クラシック音楽のある毎日

アクセスカウンタ

zoom RSS シュワルツコップ&F=ディースカウのヴォルフ「イタリア歌曲集」

<<   作成日時 : 2017/01/07 17:59   >>

ブログ気持玉 0 / トラックバック 0 / コメント 0

新年あけましておめでとうございます。
本年も本ブログを御愛顧の程、よろしくお願い申し上げます。

さて、本ブログは2012年から昨年2016年まで、実に4年もの長い間休止していたのですが、その間に管理人がよく聴くようになったジャンルに歌曲があります。それ以前もシューベルトやシューマンの歌曲は聴いていました(もっともシューベルト、シューマンの歌曲も、この4年間で聴く回数は増えました)が、ここ数年、シューベルト、シューマンに加えてブラームスとヴォルフの歌曲に佳曲が多いと思うようになりました。
特にヴォルフは2012年以前は、フィッシャー=ディースカウが名演の誉れ高い録音を残していることは知っていましたが、知っているだけで全く聴いていなかった作曲家でした。管理人には、ここ数年でヴォルフを発見したような気持ちになったのです。

さて、今日聴いたのはヴォルフの「イタリア歌曲集」です。演奏は、エリザベート・シュワルツコップ(S)とディートリッヒ・フィッシャー=ディースカウ(Br)、ジェラルド・ムーアのピアノ伴奏です。1965年9月と1966年1、2月のEMIへの録音です。

ヴォルフの「イタリア歌曲集」とはどういう歌曲集なのかというと、ライナーノート(西野茂雄)からそのまま引用するのが早いと思います。

「46曲からなる「イタリア歌曲集」は、ヴォルフの五大歌曲集(管理人注:アイフェンドルフ、ゲーテ。メーリケ、スペイン、イタリアの各歌曲集のことだと思われます)の最後を飾る作品である。テキストの大部分が民謡風な、無名詩人の手になるイタリアの詩を、パウル・ハイゼ(1830ー1914)が独訳したもので、この訳詩集はヴォルフ生誕の年1860年に出版された。これらの詩の多くは、通俗的な恋愛詩のフォルムであるリスペットいう詩形によっている。リスペットはもともと”尊敬”を意味する言葉で、おそらくは詩人に捧げる敬愛に由来するものであったのであろうが、実際の内容は(中略)嘲笑や呪詛にまで至る恋愛のあらゆる局面が歌われている。
(中略)
「スペイン歌曲集(1889−1890)の場合とおなじく、テキストとなった詩の南方的な開放性ーー明るい官能の喜びやむき出しの諷刺に彩られた愛の歌は、リートの情感をひろげる役割を果たすこととなった。とはいえヴォルフは、エクゾティシズムへの興味を隠していない「スペイン歌曲集」とはちがって、ここではテキストの起源に対する特殊の配慮なしに、母国の詩と同等にとり扱っている。イタリアはもはやゲーテの”ミニヨン”に象徴されるような、はるかな憧憬の国ではなく、おなじ人間のいとなみを包み込んだ現実の世界となった。…」

「イタリア歌曲集」に含まれている46曲は、1曲だけ4分以上の曲がありますが、それ以外はすべて1分〜2分半くらいの短い曲です。数えてみると、ソプラノ(シュワルツコップ)で歌われている曲とバリトン(F=ディースカウ)で歌われている曲が同数の23曲ずつです。
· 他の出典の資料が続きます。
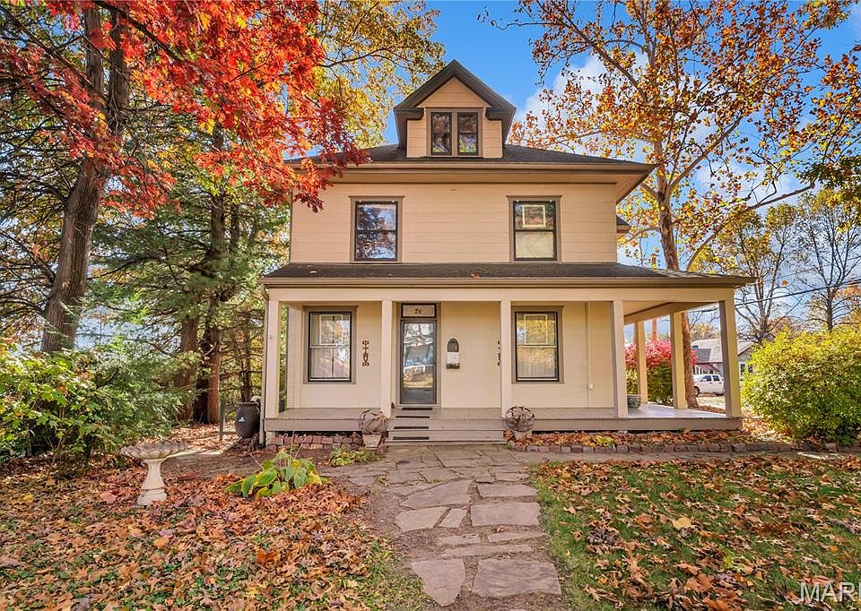 Step into a piece of Ferguson history with this charming 4-bedroom, 1.5-bath home! Nestled on a generous corner lot, it welcomes you with a stone walkway and wraparound front porch. This is the perfect spot to relax, visit with neighbors, or enjoy quiet summer evenings. Inside, the home is full of character, featuring original woodwork, hardwood floors, and a beautiful staircase with intricate details that sets the tone for the rest of the house. The dining room is warm and inviting with a gas fireplace and built-in shelves. The main level also features a family room, convenient half bath and kitchen with a gas range, electric oven, warming drawer, dishwasher and refrigerator. Additional appliances, including a deep freezer, an extra refrigerator, and the washer and dryer in the basement, are all included. Upstairs, you’ll find four bedrooms, each with a ceiling fan, along with a partially remodeled full bath. Stairs lead to the attic, offering flexible space that could easily become additional living area, a playroom, or a home office, providing plenty of room to grow! Outside, the backyard is inviting and spacious, with a back porch and mature burning bushes along one side that provide privacy and color. The large driveway and parking pad offer plenty of off-street parking.
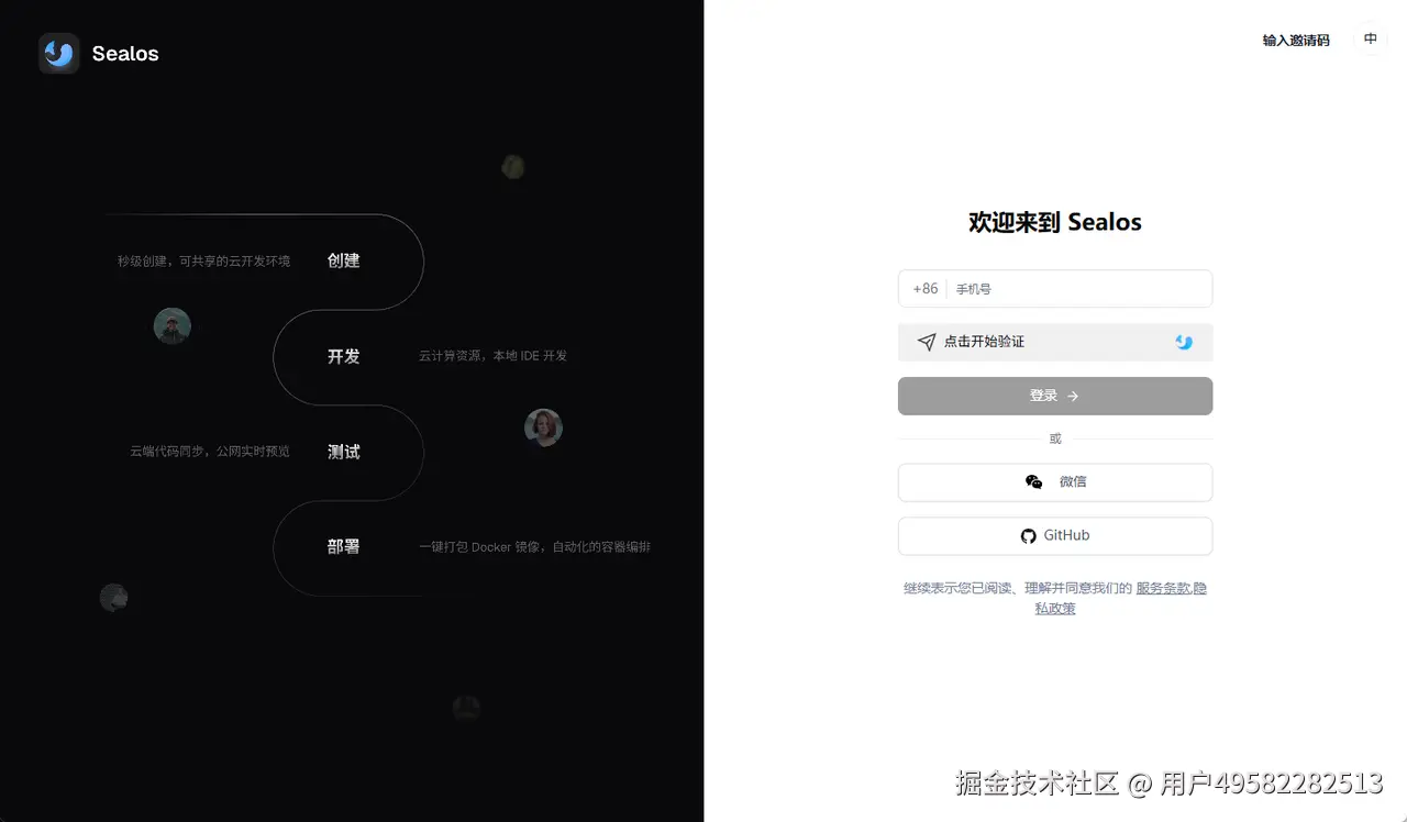 访问 Sealos Cloud,用手机号或者微信登录就行。

1曲1曲がどうのこうのと言うことはないですが、聴きとおしてみると、シューベルトやシューマンの歌曲との大きな違いを感じます。シューベルト・シューマンでは、伴奏ピアノが美しい旋律を奏で、歌唱とピアノ伴奏が同等の役割を果たしている感がありましたが、ヴォルフの歌唱が主で、ピアノ伴奏は従で歌唱を支える役割を果たしています。例えば第11曲のように印象的な旋律を奏でることもありますが、それはあくまでも例外的です。
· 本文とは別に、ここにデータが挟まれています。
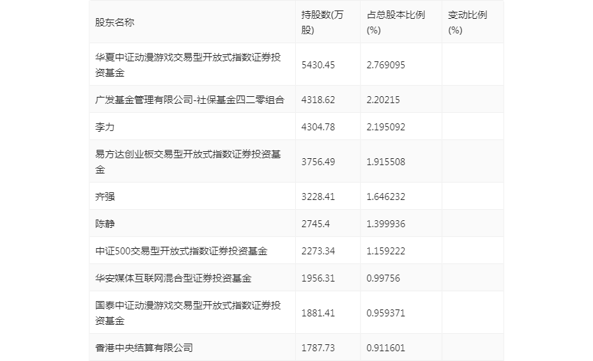 半年报显示,2024年上半年末公司十大流通股东中,新进股东为易方达创业板交易型开放式指数证券投资基金、中证500交易型开放式指数证券投资基金、国泰中证动漫游戏交易型开放式指数证券投资基金,取代了一季度末的宽投幸运星2号私募证券投资基金、磐耀通享15号私募证券投资基金、宽投幸运星3号私募证券投资基金。在具体持股比例上,华夏中证动漫游戏交易型开放式指数证券投资基金持股有所上升,华安媒体互联网混合型证券投资基金、香港中央结算有限公司持股有所下降。
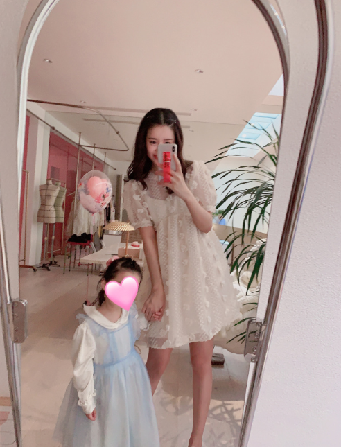 张子萱抱着小女儿笑容幸福,怀中的小女儿戴着粉红色蝴蝶结发夹,穿同色连衣裙,露出的小脸白嫩可爱。
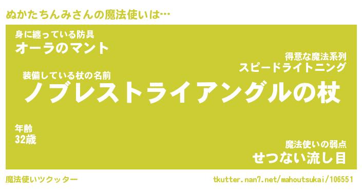 | 男性向けラノベタイトル風あだ名 | 『ヌカタチンミアートオンライン』 |
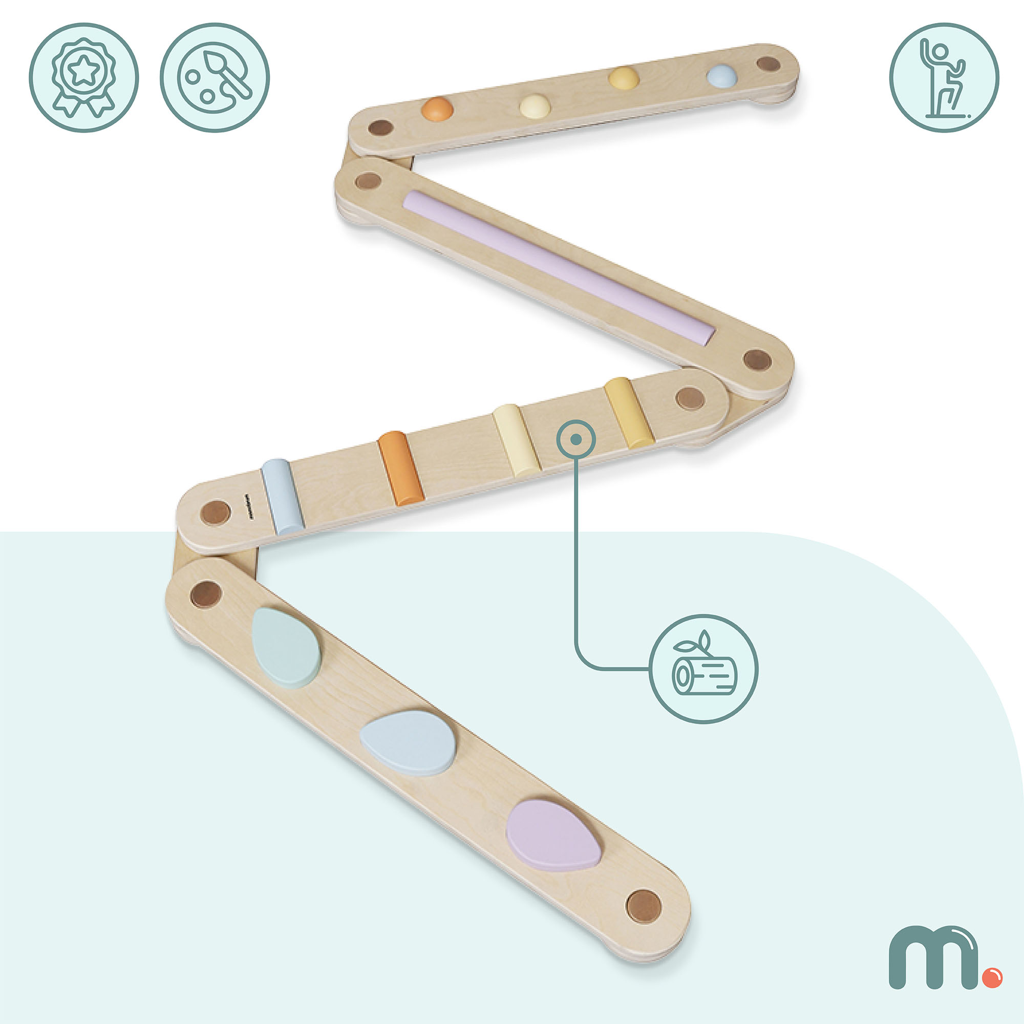 Grazie alle grandi dimensioni delle travi, la pista non è solo stabile, ma anche comoda da usare: il bambino ha abbastanza spazio per fare passi in sicurezza, esercitare l'equilibrio e sviluppare la fiducia. Al termine del gioco, gli elementi possono essere facilmente smontati e riposti in una forma compatta.
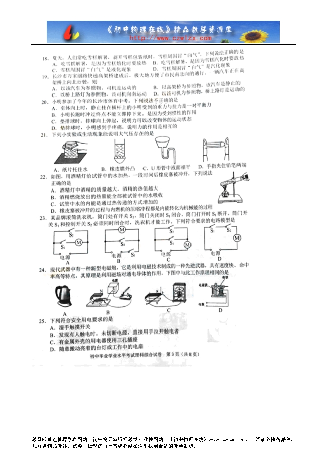 2016年湖南省长沙市中考物理试题(图片版,无答案)
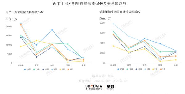 抖音方面,杨颖、关晓彤、金晨等明星首秀即结束,带货成绩不错的李诞、王祖蓝、陈志朋等从1月份开始也都相继停播。

歌手が正面に出てきて主役としての役割を果たさなければならない曲ばかりなので、シュワルツコップやディースカウのような、声自体が美しく、表現力のある歌手にとってやり甲斐のある作品集なのではないでしょうか。

録音当時の65、6年の頃ディースカウは全盛時代、またシュワルツコップも声が衰え始める前なので、本録音は彼ら世紀の歌手の名人芸を楽しめる1枚となっています。
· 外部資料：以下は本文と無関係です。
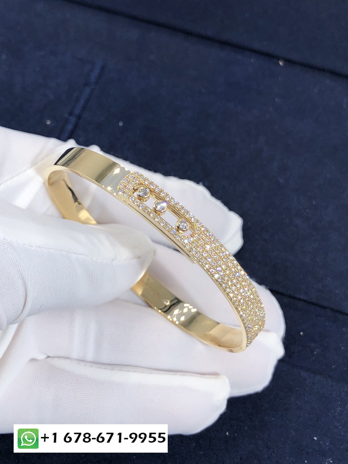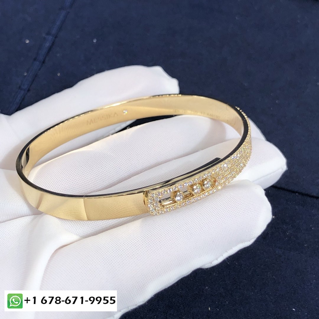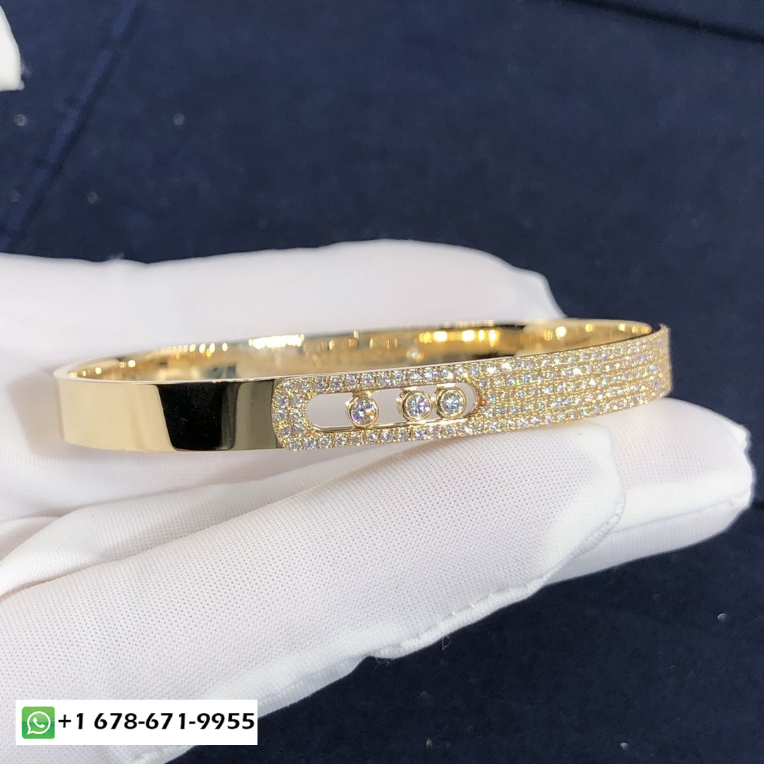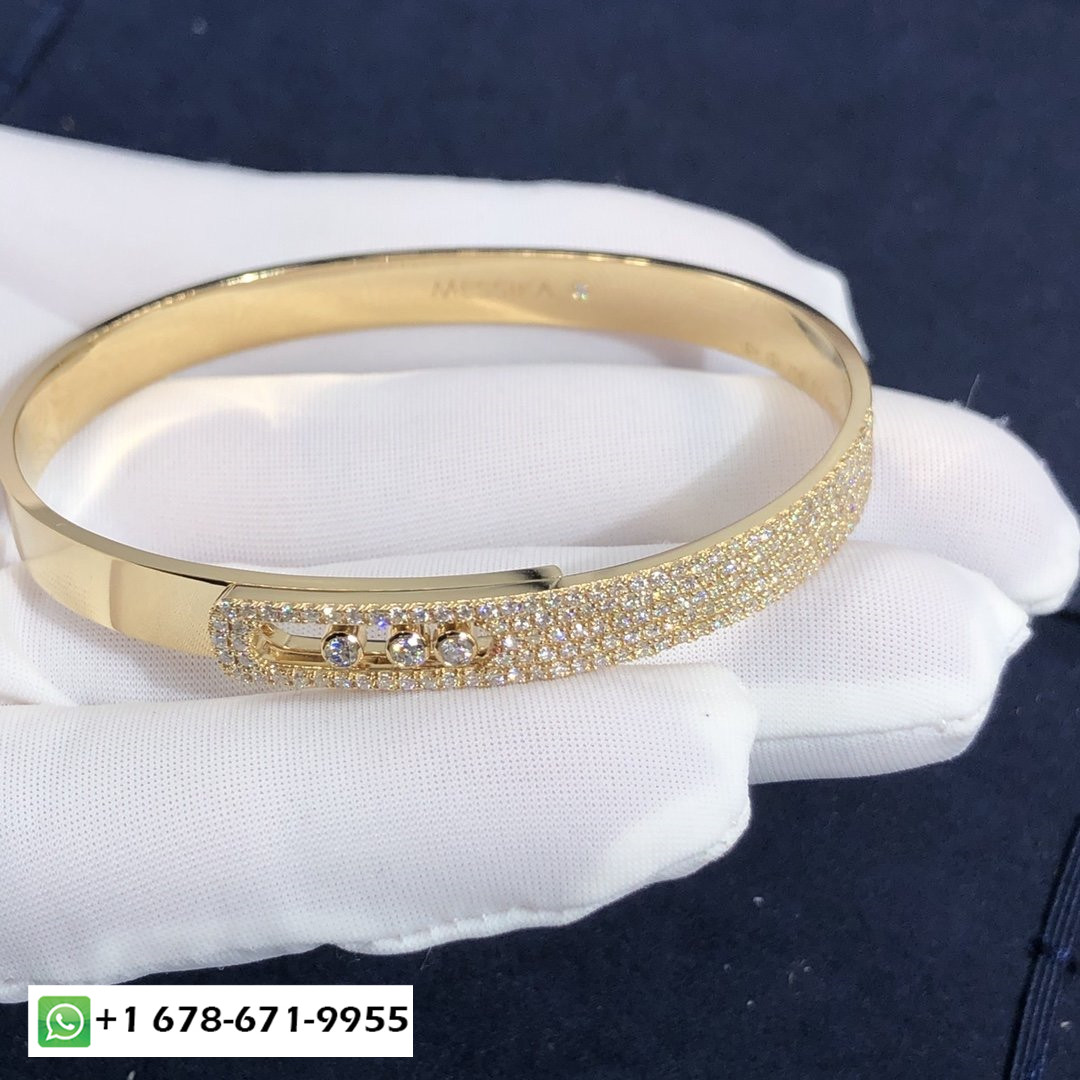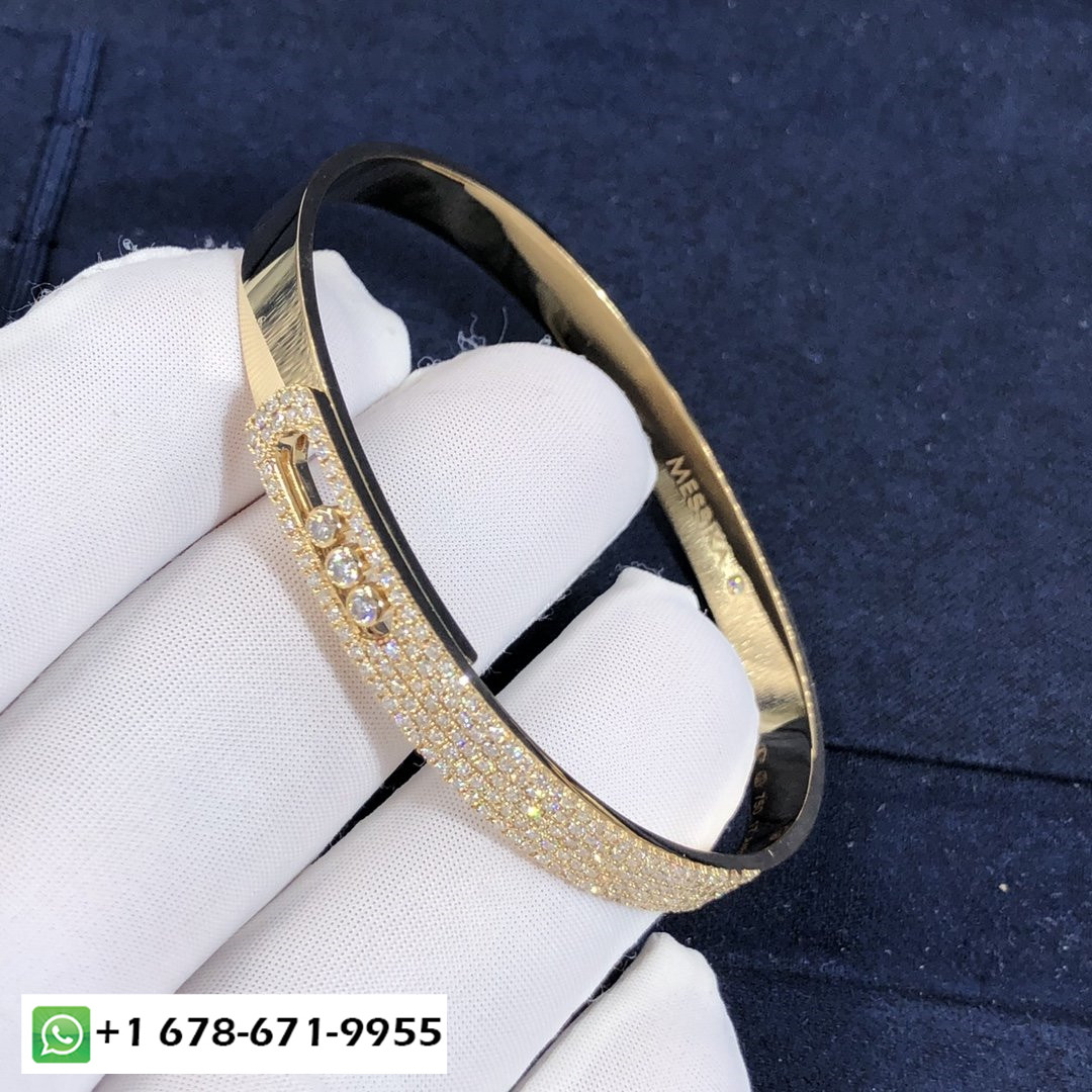 Messika déménage noa pavé bracelet personnalisé en or jaune 18 carats et diamants pour un total de 1,2 ct.Bracelet taille XS: 13.5-14.5cm.Bracelet taille S: 14-15.5cm.Bracelet taille M: 15.5-16.5cm.Bracelet taille L: 17-18cm.Bracelet taille XL: 18.5-19cm.

ここで一言。フィッシャー=ディースカウはシューベルトの作品全集を始め、シューマン、ブラームス、ヴォルフ、R・シュトラウスの作品全集など膨大な録音を残しましたが、現在国内盤で入手できるのはその中のほんの一握りにすぎません。それでもディースカウは出ているCDの数は比較的多い方で、他の往年の名歌手、女声ではシュワルツコップ、ルートヴィヒ、アメリング、男声ではホッター、プライ、シュライアーのような名歌手たちの録音は現在では国内盤はほんの数えられるほどしか出ていません。
また発売当時は絶賛された旧EMIのフォーレやドビュッシーやプーランクのようなフランスの作曲家の歌曲全集も、少なくとも2000年以降は廃盤になり復活の気配は全く感じられません。
7、8年前から往年の名盤を復刻してファンを喜ばせているタワーレコードも、歌曲の分野にたいしては著しく消極的です。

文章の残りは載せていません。